犬の椎間板ヘルニアの症状と原因・予防・治療方法について解説

2022.10.24
犬の椎間板ヘルニアの症状と原因・予防・治療方法について解説
どんなに愛犬の健康に気をつけていても、病気にかかってしまうことがあります。そんな時のために、病気の症状や原因、予防法、治療法について理解し、適切な対処ができるようにしておきましょう。この記事では、犬の病気の中から椎間板(ついかんばん)ヘルニアを取り上げて解説します。ぜひ愛犬の健康な生活にお役立てください。
目次



犬の椎間板ヘルニアとは


はじめに、椎間板ヘルニアとはどのような病気なのか、概要を押さえておきましょう。わかりやすいように「椎間板」と「ヘルニア」に分けて、解説します。

まずヘルニアですが、ヘルニアとは「体内の器官や臓器などが、本来あるべき位置からずれて飛び出してしまう状態のこと」です。ずれる部位によって「椎間板ヘルニア」「鼠径(そけい)ヘルニア」「臍(さい)ヘルニア」などと診断されます。つまり椎間板ヘルニアは、椎間板にずれが生じた症状ということ。

では椎間板とは何かというと、背骨にある骨よりもやわらかい組織で、骨と骨の間に存在し、クッションのような役割を果たしています。ところが、何らかの理由により飛び出してしまい、神経を圧迫することがあるのです。神経が圧迫されると、痛みやしびれが生じます。この症状が椎間板ヘルニアです。

なお椎間板ヘルニアは、トイ・プードル、ダッグスフンド、ミニチュア・ダックスフンド、フレンチブル・ドッグ、ペキニーズ、ウェルシュ・コーギーなど「軟骨異栄養性犬種(なんこついえいようせいけんしゅ)」に分類される犬に多いことが知られています。

犬の椎間板ヘルニアの症状と5つのグレード


犬の椎間板ヘルニアは、症状の重さによって次の5つのグレードに分類されています。それぞれのグレードの症状は次の通りです。
グレード1
いちばん軽い症状がグレード1です。背中を痛がる素振りを見せる、背中に負担がかかる動きを嫌がる、抱き上げると痛がって鳴くなどの症状が見られます。神経の機能に問題はないものの、体勢によって痛みが出る状態です。
グレード2
グレード2になると、歩くときにふらついたり、つま先をこすったりという症状が見られるようになります。
グレード3
グレード3は、後ろ足が動かせない、後ろ足を引きずりながら前足だけで歩くなど、足に麻痺症状が出ている状態です。グレード3以降は、重度の分類になります。
グレード4
排尿困難の症状が出ます。つま先に強い刺激を与えれば反応はするものの、感覚の麻痺が進行しつつある状態です。
グレード5
椎間板ヘルニアではいちばん重い状態で、足の感覚が完全に麻痺し、痛みをまったく感じることができません。

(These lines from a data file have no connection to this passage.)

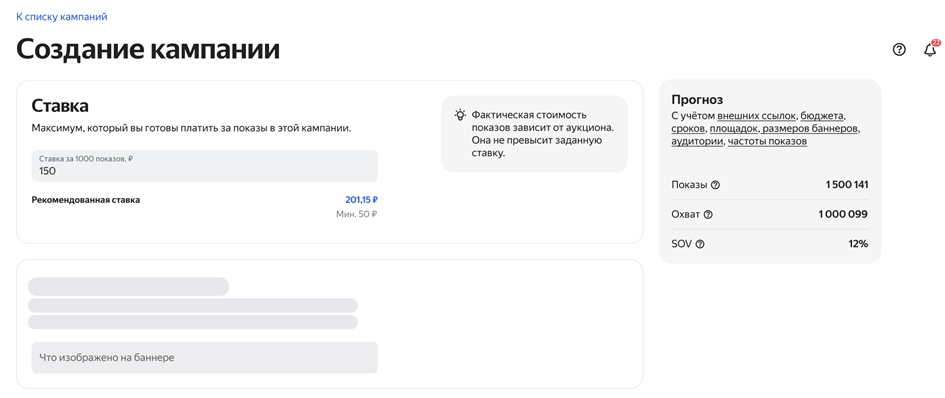 Во время настройки прогноз показывает возможные итоги кампании с заданными параметрами. Если вы меняете настройки — увеличиваете бюджет, добавляете новые регионы — данные в прогнозе также автоматически обновляются. Это поможет до запуска скорректировать кампанию для достижения целей и спланировать расходы на продвижение.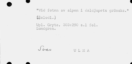 //// t!Vid foten av alpen I daldjupets grönska." ttlelodi.) //// Upl. Gryta, 303:290 s.l fol. Lundgren. //// J U L M A //// ä^ M ////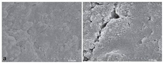 Figure 6b). The pore sizes of the former are also smaller than those of the latter.
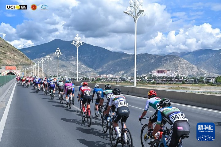 2025中國西藏第六屆跨喜馬拉雅國際公路自行車極限賽,選手在第三階段拉薩站比賽中。(主辦方供圖)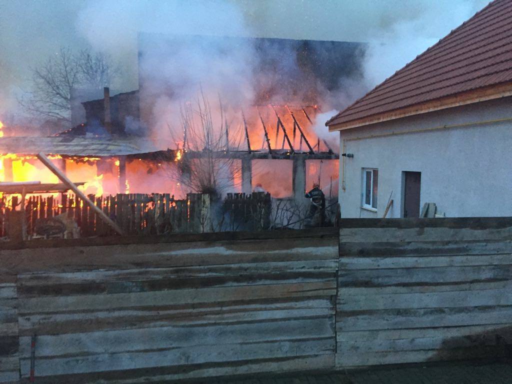 ”S-a reuşit limitarea incendiului pentru a nu se mai extinde la alte construcţii. În acest moment incendiul este localizat, limitat şi nu mai există pericol de propagare. Se acţionează în continuare pentru lichidarea ultimelor focare”, arată sursa citată.

なお、グレード4までは外科手術で90%以上の症状の改善が見られますが、グレード5になってしまうと、時間が経過すればするほど改善率が下がります。ですから、グレード5に進行したことが判明したら、速やかに手術をするなどの判断が必要です。

犬の椎間板ヘルニアの原因


なぜ犬が椎間板ヘルニアになるのか、その原因としては大きく2つのことが指摘されています。

ひとつは、加齢です。椎間板は、「髄核(ずいかく)」という組織の周りを「線維輪(せんいりん)」という組織が取り巻く構造になっています。しかし年齢を重ねると線維輪が変性し、背側に突出することがあります。突出した線維輪で神経が圧迫され椎間板ヘルニアの症状が現れます。このパターンでは病気がゆっくりと進行します。
もうひとつの原因は、遺伝です。先ほど「軟骨異栄養性犬種」に分類される犬は、椎間板ヘルニアを発症しやすいとお伝えしました。理由は、この犬種の遺伝子を持つ犬の場合、本来はゼリー状の髄核が固まりやすいという特徴があるからです。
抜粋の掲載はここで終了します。